You can use your own metrics to evaluate the performance of each level in the structure. The metrics receive `y` and `y_hat` as arguments and they are numpy arrays of size `(series, horizon)`. Consider, for example, the function `rmse` that calculates the root mean squared error.
This class facilitates measurements across the hierarchy, defined by the `tags` list.
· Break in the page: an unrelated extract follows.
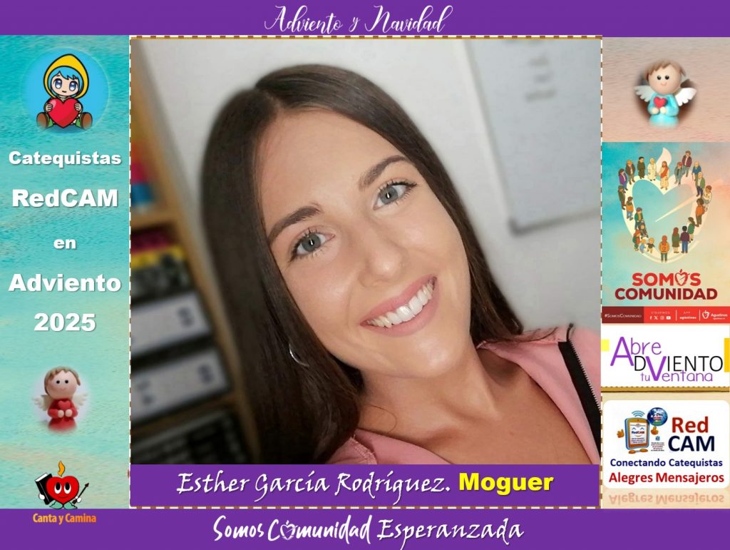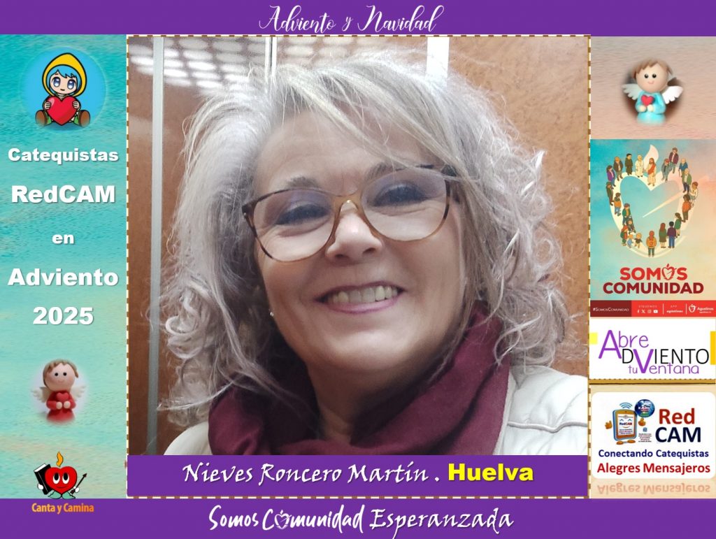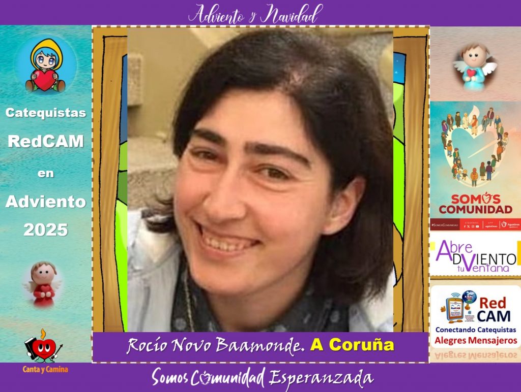 «Soy Rocío, Hija de la Natividad de María. Catequista en la parroquia de San José (A Coruña). Para mí el Adviento es un tiempo precioso en el que intento transmitir a los niños y jóvenes que Jesús quiere nacer en su vida y como nos dice el prefacio de la semana tercera de Adviento: «el mismo Señor que se nos mostrará entonces lleno de gloria viene AHORA a nuestro encuentro en cada hombre y en cada acontecimiento, para que lo recibamos en la fe y por el amor demos testimonio de la espera de su Reino». Esta es mi oración, saber reconocer Su venida y que pueda nacer en todos los corazones.»
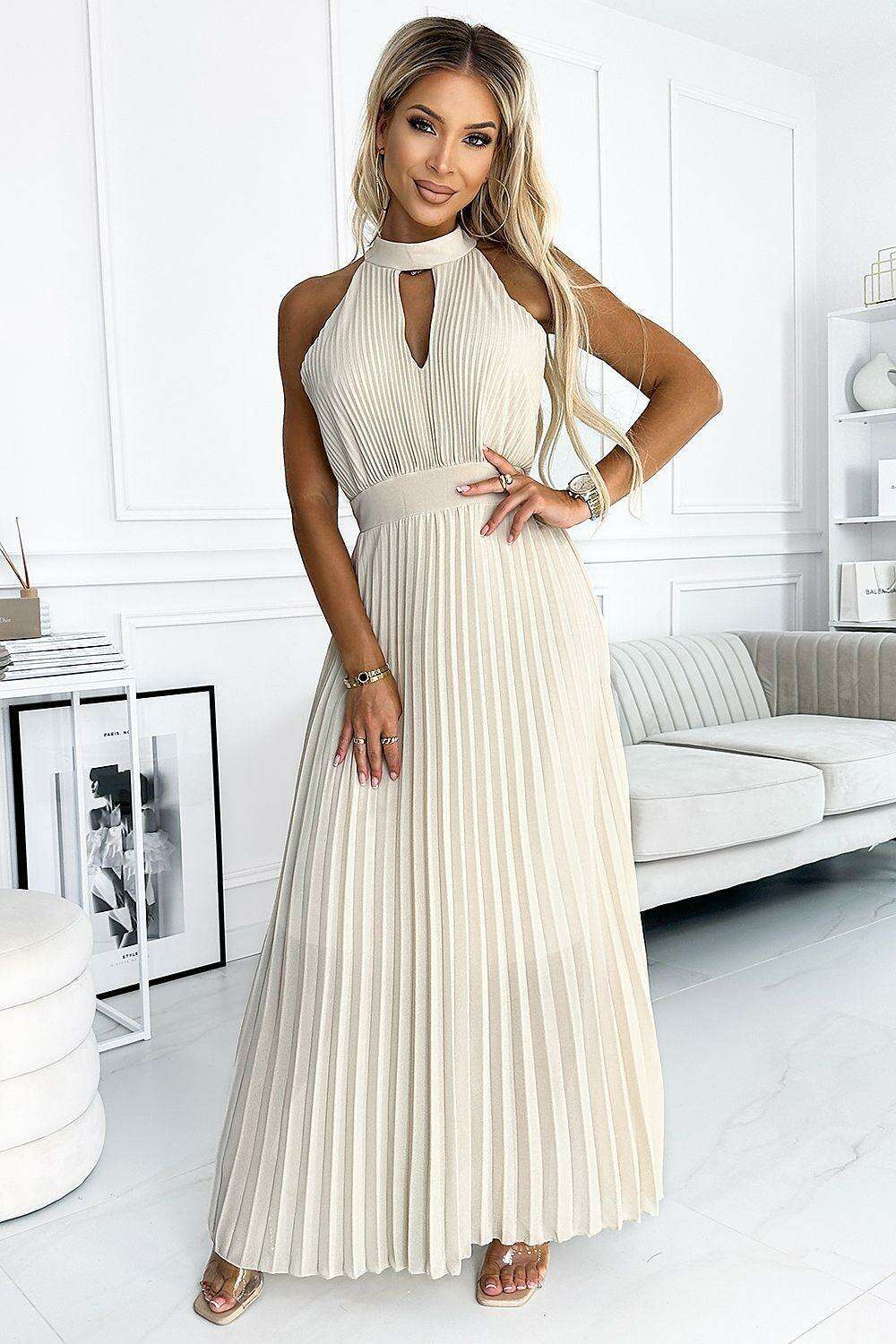 Step into sophistication with the Chic Beige Pleated Chiffon Midi Dress, an exquisite piece that beautifully merges elegance with modern design. This stunning dress features a captivating back teardrop cutout that is sure to turn heads and elevate your style.

See also the [aggregate method](https://nixtla.github.io/hierarchicalforecast/utils.html#aggregate).
**Args:**
- <b>`evaluators`</b> (list[Callable]): functions with arguments `y`, `y_hat` (numpy arrays).
References:
### <kbd>method</kbd> `__init__`
```python
__init__(evaluators: list[Callable])
```
---
### <kbd>method</kbd> `evaluate`
```python
evaluate(
Y_hat_df: Union[ForwardRef('DataFrame[Any]'), ForwardRef('LazyFrame[Any]')],
Y_test_df: Union[ForwardRef('DataFrame[Any]'), ForwardRef('LazyFrame[Any]')],
tags: dict[str, ndarray],
Y_df: Optional[ForwardRef('DataFrame[Any]'), ForwardRef('LazyFrame[Any]')] = None,
benchmark: Optional[str] = None,
id_col: str = 'unique_id',
time_col: str = 'ds',
target_col: str = 'y'
) → ~FrameT
```
Hierarchical Evaluation Method.
**Args:**
- <b>`Y_hat_df`</b> (Frame): DataFrame, Forecasts with columns `'unique_id'`, `'ds'` and models to evaluate.
- <b>`Y_test_df`</b> (Frame): DataFrame, Observed values with columns `['unique_id', 'ds', 'y']`.
- <b>`tags`</b> (dict[str, np.ndarray]): np.array, each str key is a level and its value contains tags associated to that level.
- <b>`Y_df`</b> (Optional[Frame], optional): DataFrame, Training set of base time series with columns `['unique_id', 'ds', 'y']`. Default is None.
- <b>`benchmark`</b> (Optional[str], optional): str, If passed, evaluators are scaled by the error of this benchark. Default is None.
- <b>`id_col`</b> (str, optional): str='unique_id', column that identifies each serie. Default is "unique_id".
- <b>`time_col`</b> (str, optional): str='ds', column that identifies each timestep, its values can be timestamps or integers. Default is "ds".
- <b>`target_col`</b> (str, optional): str='y', column that contains the target. Default is "y".
**Returns:**
- <b>`FrameT`</b>: evaluation: DataFrame with accuracy measurements across hierarchical levels.